An Augustinian view of evil has definite moral implications, which are also shown throughout The Lord of the Rings. A Manichean world is a consequentialist world. To defeat the forces of evil, we need to think strategically. Sometimes we may even need to indulge in a little short-term evil in order to be able to achieve the greater good. But an Augustinian world can’t allow that kind of pragmatic approach. In an Augustinian world, any compromise with evil can only strengthen it, giving it an infusion of good that delays its self-destruction. An Augustinian world demands a deontological ethic, doing the right thing regardless of the outcome.

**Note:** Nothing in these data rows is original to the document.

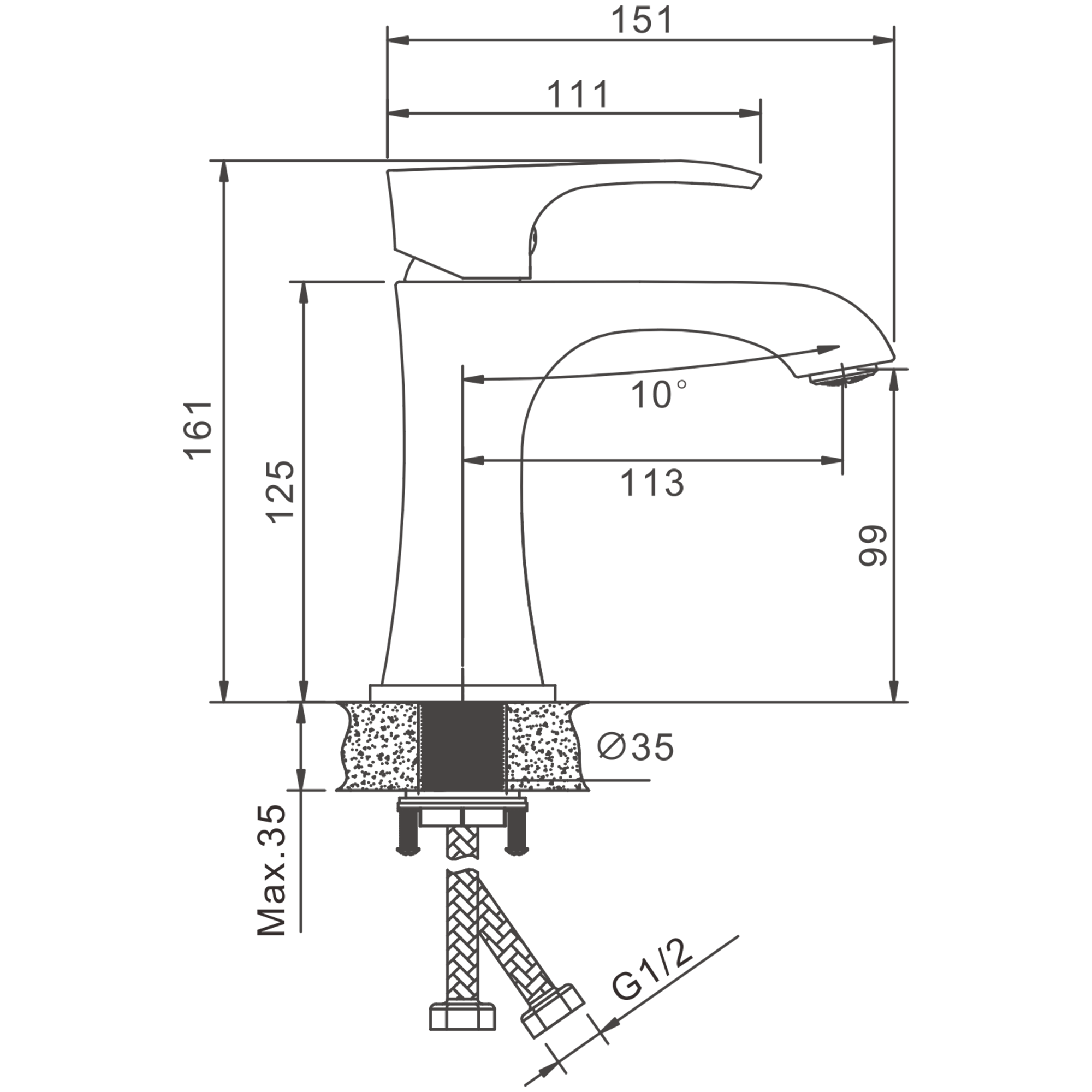 Смеситель для раковины, хром, нержавеющая сталь, B10812
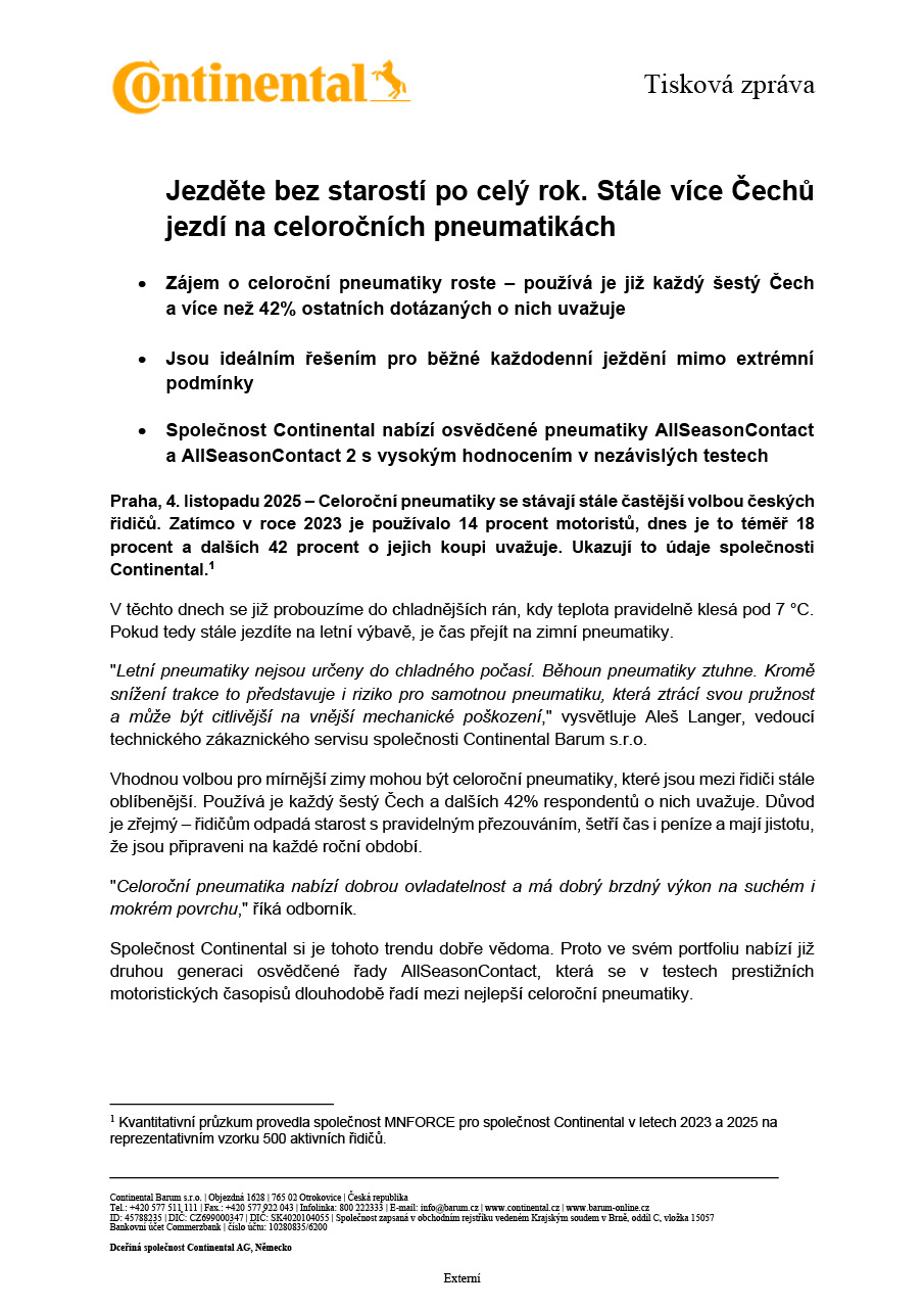 Praha, 4. listopadu 2025 – Celoroční pneumatiky se stávají stále častější volbou českých řidičů. Zatímco v roce 2023 je používalo 14 procent motoristů, dnes je to téměř 18 procent a dalších 42 procent o jejich koupi uvažuje. Ukazují to údaje společnosti Continental.[1]
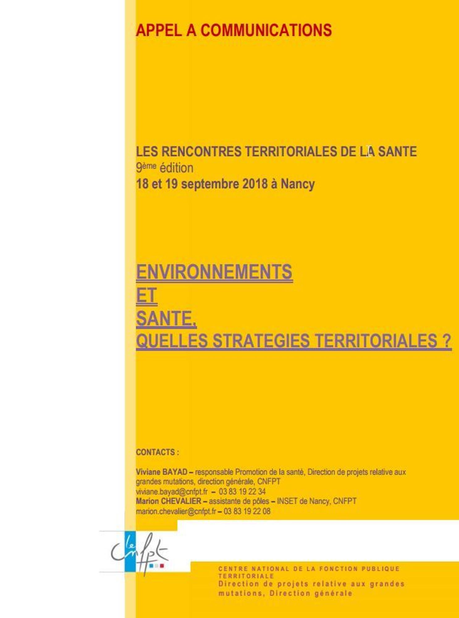 Le Centre national de la fonction publique territoriale (CNFPT) organise ses 9èmes rencontres. Elles s’adressent à l’ensemble des acteurs dont l’activité participe à l’organisation de la santé au niveau territorial : Professionnels intervenant dans le champ de la santé, de l’environnement, du social, de l’urbanisme, de l’habitat, de l’action éducative ; responsables de service, coordinateurs ou chargés de mission santé ; animateurs de la politique de la ville ; élus ; associations d’usagers, de quartier, conseils citoyens, associations et organismes œuvrant dans le champ de la promotion de la santé ; agents de l’Etat et de l’hospitalier. La thématique sera déclinée à travers table ronde, conférences et ateliers. Les 20 ateliers seront construits à partir des communications sélectionnées par le comité de pilotage.
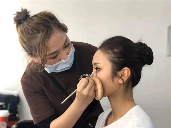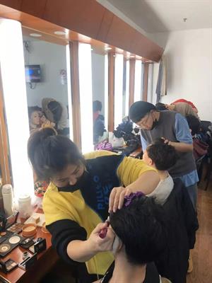 本次化妆和服装道具人员也一刻没闲着,13号就和演员一同去了杭州剧院,为演员彩排化妆,一直到剧院关门。演出当天早上8点半就出发,中午1点开始化妆,直到6点完成220多个演员的化妆,最后手都软了。在演出过程中,由于很多演员在多个节目有表演,所以后台一直处于抢妆状态,换相应的发饰和服装,等演完,大家才松了口气。
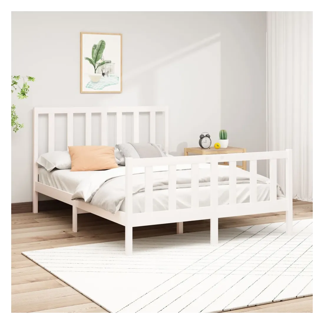 Cadre de lit sans matelas blanc 160x200 cm bois de pin massif
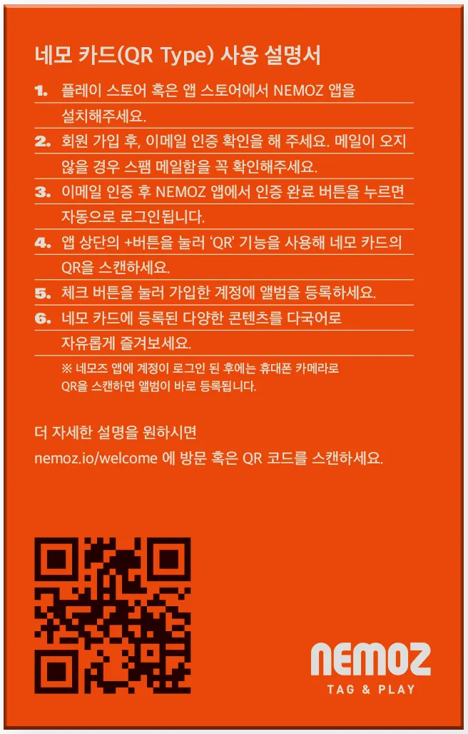 Apabila anda mengimbas kod QR pada kad Nemo dalam apl WAKEONE x NEMOZ, anda akan dibawa ke halaman pendaftaran album.
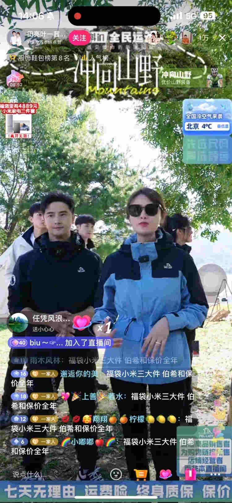 田亮葉一茜在展示產(chǎn)品時(shí),以更貼合用戶的使用場(chǎng)景,針對(duì)用戶的各項(xiàng)痛點(diǎn)進(jìn)行針對(duì)性的優(yōu)化和更新,例如在展示戶外沖鋒衣時(shí),會(huì)將品牌與場(chǎng)景融合,把秋冬主打的王牌產(chǎn)品“戶外輕暖”滲透到野營(yíng)場(chǎng)景中。
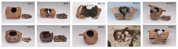 曲曼墓地出土的隨葬品中,有一種非常獨特的隨葬品——火壇(圖4)?;饓胁繄A形空穴被強(qiáng)烈燒灼碳化,外形完好無任何過火痕跡。燒灼由內(nèi)部15粒燒紅后放入的圓形石子所致,強(qiáng)烈灼燒的木火壇放入墓穴填土被埋后熄滅,這是歐亞大陸范圍內(nèi)迄今發(fā)現(xiàn)最早的明火入葬火壇。

Again and again in The Lord of the Rings, we see that strategically pursuing the greater good fails, while remaining true to moral principles succeeds even when it looked foolish. On the cautionary side, we have Saruman and Denethor. Though they may point to the palantir as an excuse, they each ultimately made a thoroughly reasonable choice in the face of Sauron’s overwhelming advantage – to ally with him while playing the long game, or to give in to despair. Our heroes, on the other hand, repeatedly make foolish decisions based on hope. Aragorn is a good example – he decides to pursue Merry and Pippin because he owes them protection even though Frodo is the one who holds the fate of the world in his hands. Later, he decides to make a suicide attack on the Morannon rather than hunkering down in Minas Tirith, in the hopes of Frodo’s quest succeeding.
But the most important instance of doing the right thing despite the consequences comes from Frodo himself: he refuses to kill Gollum. Killing Gollum would have been an eminently reasonable idea – he’s a slinker and a stinker, and we know that he never redeemed himself or turned over a new leaf. Indeed, his main accomplishments were to lead Frodo and Sam into a death trap, then to try to kill them with his own hands at the Cracks of Doom. Both Sam and Faramir were right when they said that killing Gollum would have been a good idea!
But Frodo showed Gollum pity and spared his life because it was the right thing to do. And just like Gandalf could see Frodo’s unwillingness to destroy the ring back in Bag End, he also addressed this very issue. He instructed Frodo:
Frodo: It’s a pity Bilbo didn’t kill him when he had the chance.
Gandalf: Pity? It was pity that stayed Bilbo’s hand. Many that live deserve death. Some that die deserve life. Can you give it to them, Frodo? Do not be too eager to deal out death in judgment. Even the very wise cannot see all ends. My heart tells me that Gollum has some part to play yet, for good or ill before this is over. The pity of Bilbo may rule the fate of many.
And in the end, that pity was what saved the world. Frodo’s pity made it possible for Gollum to be there at the Cracks of Doom to take the ring. Frodo refused to give in to the small, reasonable evil of killing Gollum, and so he left the great evil of the ring exposed to destroy itself. That was Gandalf’s backup plan, not Aragorn’s strength to take the ring and destroy it. And so Frodo didn’t really fail. He succeeded at his quest back when he saved Gollum’s life, when he did the right thing even though it seemed foolish.